FIG. 1 (background art) is a cross section side view of a traditional interference filter 1, made according to conventional manufacturing processes. The interference filter 1 has a plurality of dielectric material layers 2 deposited on a glass substrate 3. The number of the material layers 2, and the materials used in them, may vary from one application to another. In FIG. 1 the material layers 2 are depicted as being of four different materials 2a-d. To represent the operational characteristics of the interference filter 1, as a laser beam 4 is shown with its angle of incidence purposely skewed to show how reflected beams 5 are produced at each interface of the material layers 2.

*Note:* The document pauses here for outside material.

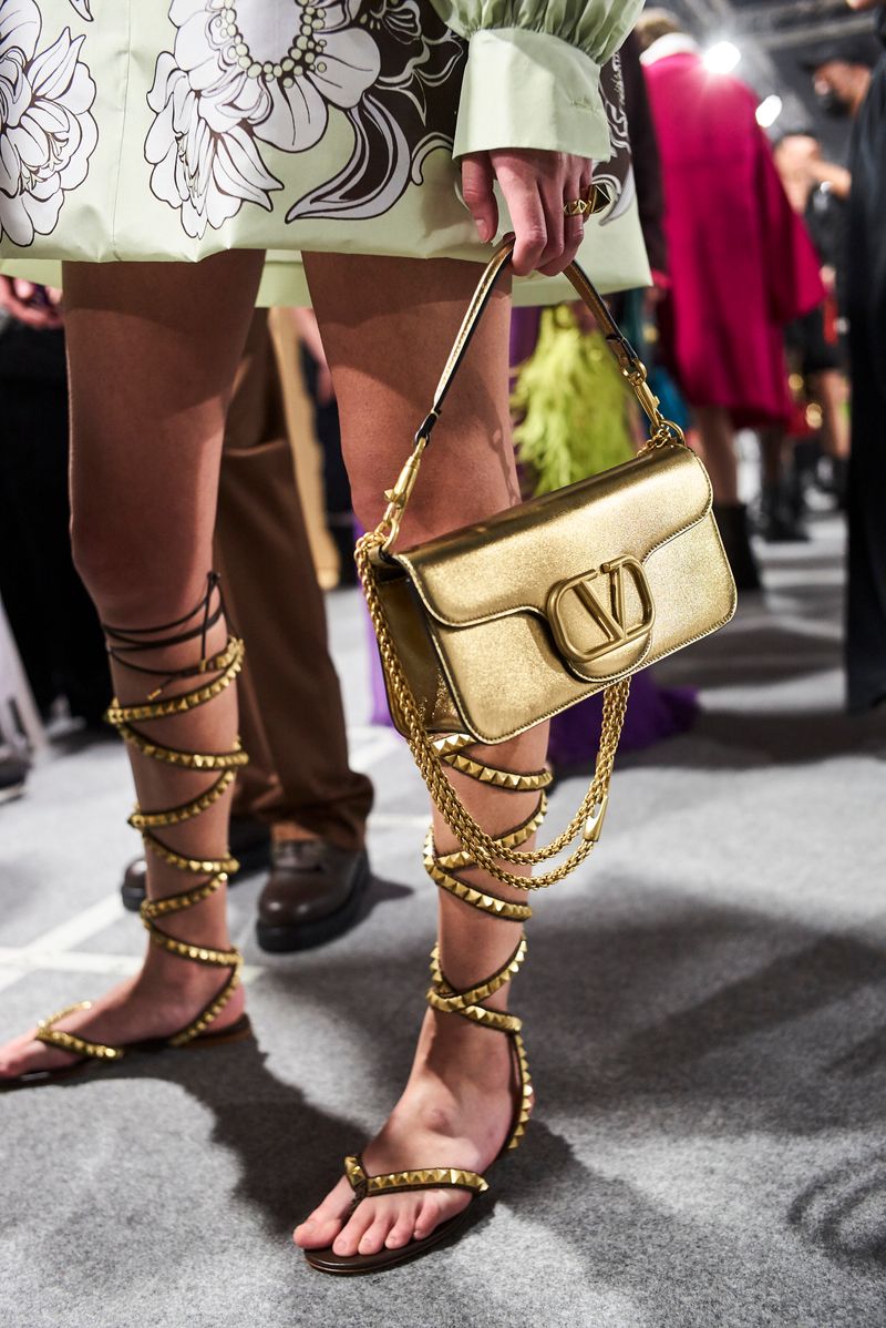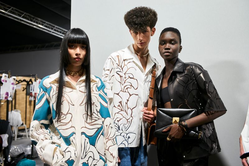 Taffetas, a symbol of Couture, is washed, beaten, deprived of any preciousness to turn into jackets, anoraks, oversized shirts, Bermuda shorts, the play of additions enhanced by the contrasting colors. Denim, worn with precious white shirts that are decorated, inlaid with broderie anglaise, embroidered, is another tribute to the archive. The overblown floral prints are instinctively mixed, while embroideries move from eveningwear to outerwear. Reconnecting with the street, in the end, means touching the ground: wearing boots, or flat Valentino Garavani Roman Stud sandals, and a re-edition of the snake sandal. A single macro stud closes the cleanly-designed bags.

Many factors affect the result of the thin film deposition processes currently used in manufacturing interference filters. These include: absolute thickness, evaporation rate, background gas pressure, tooling factor, coating material structure, temperature, etc. During the thin film deposition process, the substrates cannot be removed from the coating chamber for inspection and information on the source of error cannot be traced if the final result deviates from expectations.
Unfortunately, in conventional interference filter manufacturing the final results often deviate far from reasonable manufacturing expectations. From the information which the inventors are aware of, and this is admittedly somewhat limited because many manufacturers keep such information proprietary, the overall current average yield in narrowband filter manufacturing today is less than 30%.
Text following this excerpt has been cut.